Conor McKenna of Luma Partners on commerce media as a layer, retail media’s hype cycle, and what it takes to reach true performance.
Tom Limongello & Scott Messer

Commerce media has become the connective tissue of modern advertising — but retail media is still early in the journey from “new revenue line” to “true performance system.”

In this episode of The Middlemen Podcast, Scott Messer and Tom Limongello sit down with Conor McKenna (Partner, Luma Partners) for a banker’s-eye view of what’s actually happening beneath the retail media hype cycle — and what needs to change for the category to mature.
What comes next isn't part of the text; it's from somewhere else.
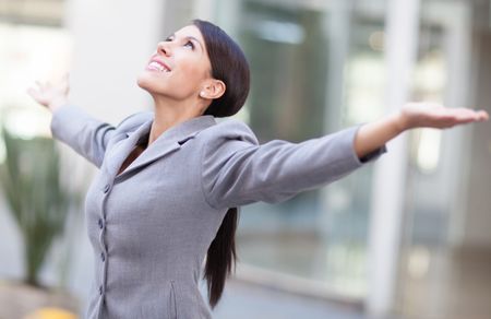 Successful business woman with arms open and looking up

One of Conor’s most useful frames is the distinction between retail media as a channel and commerce media as a layer. Retail media introduces new surfaces for advertising, but commerce media is the broader layer that sits across channels — shaping how brands plan, measure, and optimize toward outcomes. If that sounds familiar, it’s because we’ve seen this movie before: mobile wasn’t just another channel, it became a layer across everything.

Conor argues that retail media is now settling into a trough of disillusionment — not because the opportunity is gone, but because the market is confronting the operational realities. Many retailers built teams and processes as if advertising would be transformational overnight, but for most, the path is more pragmatic: incremental profits, tighter execution, and an operating model that can scale. The work ahead is less about launching yet another network and more about building the foundations: standardization, aggregation, and real operational efficiency.

A key theme is the gap between sales-led media and performance media. Search inventory can’t behave like traditional ad sales. The systems that win long-term look more like Google, Amazon, and Meta: self-serve workflows, always-on optimization loops, and feedback-driven decisioning that continuously reallocates toward what works. Retail media still has meaningful distance to travel to get there — and that distance is where many of the most important product, platform, and services opportunities live.

The conversation also touches on why measurement is getting harder in a privacy-first world. As deterministic signals become scarcer, Conor points to a growing shift toward probabilistic approaches, with AI acting as the bridge — enabling smarter prediction and optimization, but only when it’s fed strong “seeds.” In commerce media, those seeds are increasingly transactional: the clearest, rarest signal that ties advertising exposure to business outcomes.

For prospective clients evaluating commerce and retail media strategies in 2026 and beyond, this episode is a grounded reminder that the next phase isn’t about more noise — it’s about better systems. The winners will be the teams that can unify data, simplify workflows, and build an optimization engine that makes outcomes predictable and repeatable.